The `ProductFacade` simplifies data extraction. Instead of navigating complex nested objects, you can access properties directly.

```python
# Example of accessing data via Facade
print(f"Record Reference: {facade.record_reference}")
print(f"Contributors: {', '.join(facade.contributors)}")
```

## Architecture

### Data Models
The data models in `pyonix_core.models` are auto-generated using `xsdata` from the official ONIX 3.0 schemas. This ensures 100% compliance with the standard and provides excellent IDE support (autocompletion, type checking).

### Security
XML parsing is handled by `lxml` with strict security settings:
*   `resolve_entities=False`: Prevents XXE attacks.
*   `no_network=True`: Blocks remote resource fetching.
*   `load_dtd=False`: Disables DTD processing.

## Development

### Running Tests

```bash
python -m unittest discover tests
```

### Regenerating Models

If the schemas change, you can regenerate the data models:

```bash
python scripts/generate_models.py
```

## License

This project is licensed under the MIT License.

---
*Note: This project is currently in active development.*

## Recent Features

The following high-value features were recently added to `pyonix-core`. Each one is implemented to integrate cleanly with the existing facade and parsing architecture.

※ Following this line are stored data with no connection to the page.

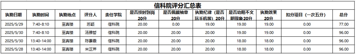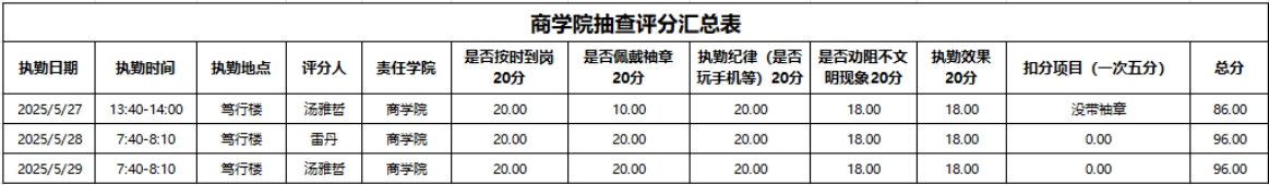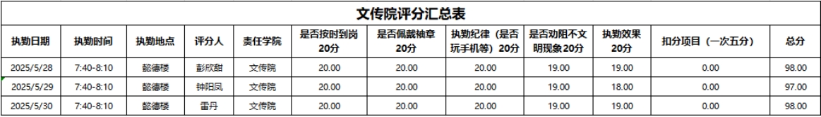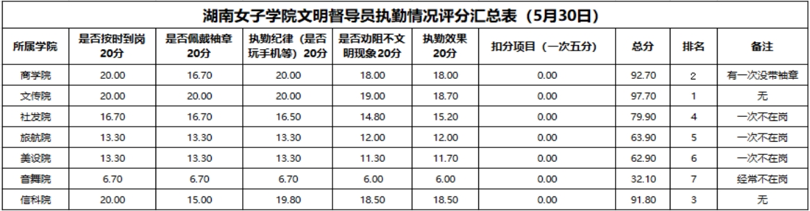 为进一步强化学风建设,引导学生培养正确的学习习惯,切实提升学生的学习积极性,全力构建积极向上的学习氛围与文明有序的校园环境。在学工部的统筹部署下,2025年5月26日至2025年5月30日,大学生自我管理委员会开展了校园文明督查,学风建设督查。现将相关情况通报如下:
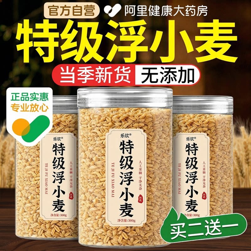 📚 特级浮小麦中药材官方旗舰店正品闷热易出汗动则汗多当季新货300g
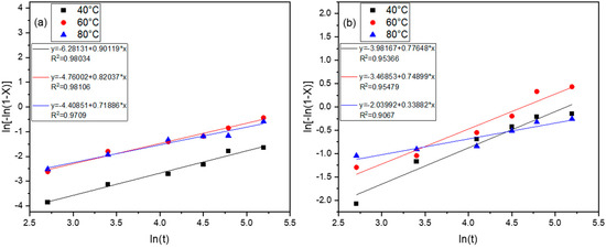 The Avrami kinetics model was also tested to determine the best linear fit for the experimental data. To do this, Equation (10) was adjusted to represent the data in the form of a linear regression, according to Equation (18), for determining the kinetic coefficients and . The results obtained from applying the Avrami model are shown in Table 9 and are graphically represented in Figure 4.
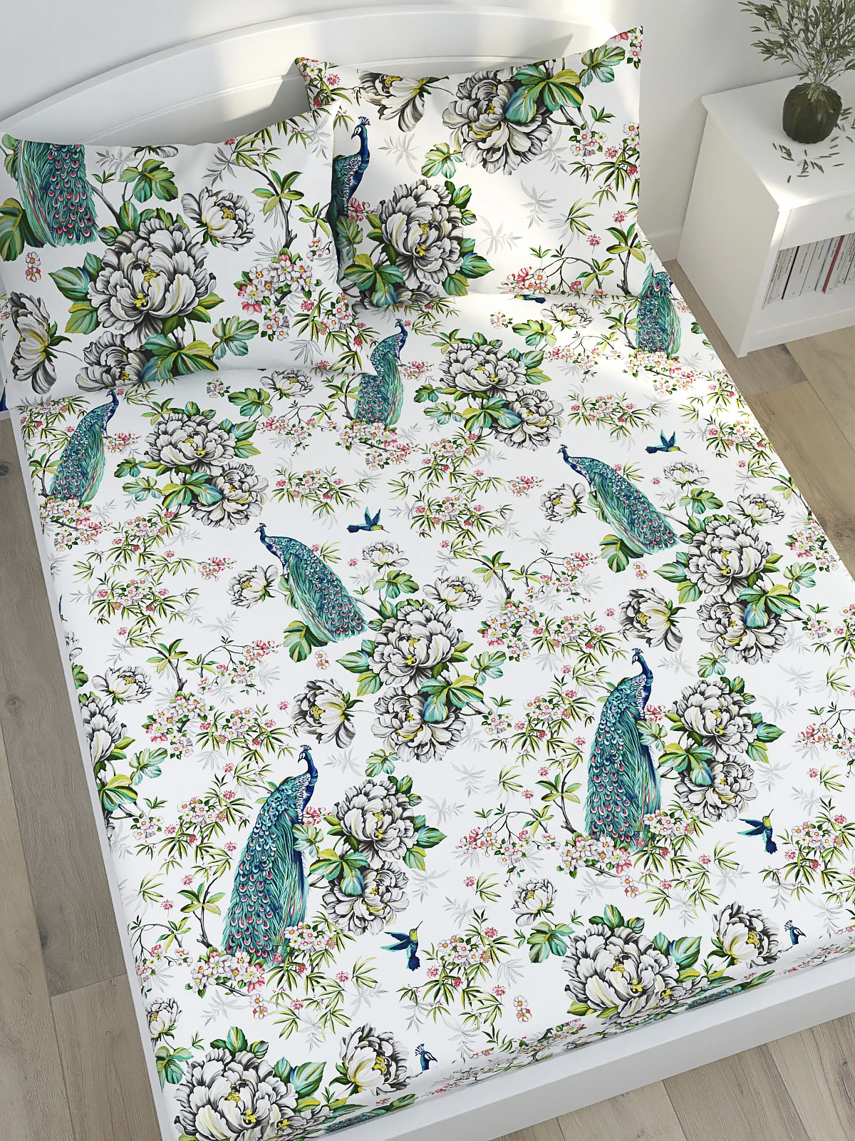 Натяжная простыня на резинке Cказка "Павлины" 90*200 120*200 140*200 160*200 180*200 100% хлопок

1) Short Tag to Reference Tag Normalizer
- Module: `pyonix_core.parsing.normalization`
- Description: Uses an XSLT transform (bundleable EDItEUR XSLT) to convert ONIX Short Tags into Reference Tags before parsing. This lets the parser and generated dataclasses work consistently regardless of input tag style. For very large files, a streaming/SAX-based fallback is planned.
- Quick usage:

```python
from pyonix_core.parsing.normalization import TagNormalizer
from pyonix_core.parsing.parser import parse_onix_stream

norm = TagNormalizer()
with open('short_tag_onix.xml', 'rb') as fh:
    normalized_stream = norm.normalize_stream(fh)
    for product in parse_onix_stream(normalized_stream):
        ...
```

2) Data Flattener (Pandas/CSV ready)
- Module: `pyonix_core.utils.flatten`
- Description: `ProductFlattener` converts a `ProductFacade` into a flat dictionary using a configurable `SerializationProfile`. Useful for creating CSV rows or constructing Pandas DataFrames without manually traversing the ONIX model.
- Quick usage:

```python
from pyonix_core.utils.flatten import ProductFlattener
from pyonix_core.facade.product import ProductFacade

f = ProductFlattener()
row = f.flatten(ProductFacade(product_model))
```

3) HTML Sanitizer & Extractor
- Module: `pyonix_core.utils.text`
- Description: Safe extraction and sanitization of HTML-like content found in ONIX `TextContent` composites. Uses `bleach` to sanitize and `html2text` to produce Markdown. These are optional dependencies under the `text` extra in `pyproject.toml`.
- Quick usage:

```python
from pyonix_core.utils.text import clean_html, to_markdown

safe_html = clean_html(raw_html)
md = to_markdown(raw_html)
```

4) ISBN Tools (10/13 converter)
- Module: `pyonix_core.utils.identifiers`
- Description: Pure-Python `ISBN` utility for cleaning, validating, and converting ISBN-10 to ISBN-13. `ProductFacade.isbn13` now prefers an explicit ISBN-13 but will auto-convert valid ISBN-10 values when necessary.
- Quick usage:

```python
from pyonix_core.utils.identifiers import ISBN

ISBN.clean('0-306-40615-2')
ISBN.validate('9780306406157')
ISBN.to_13('0-306-40615-2')
```

5) Media Asset Helper
- Module: `pyonix_core.facade.assets`
- Description: `AssetHelper` simplifies locating front cover images and other collateral assets within the `CollateralDetail` composite and exposes a `helper` property on `ProductFacade`.
- Quick usage:

```python
from pyonix_core.facade.product import ProductFacade

facade = ProductFacade(product_model)
cover_url = facade.helper.get_cover_image()
```

All of these features are exercised in the test-suite (excluding extremely large-file performance tests). Optional dependencies are declared under `[project.optional-dependencies]` in `pyproject.toml` (see the `text` extra for HTML utilities).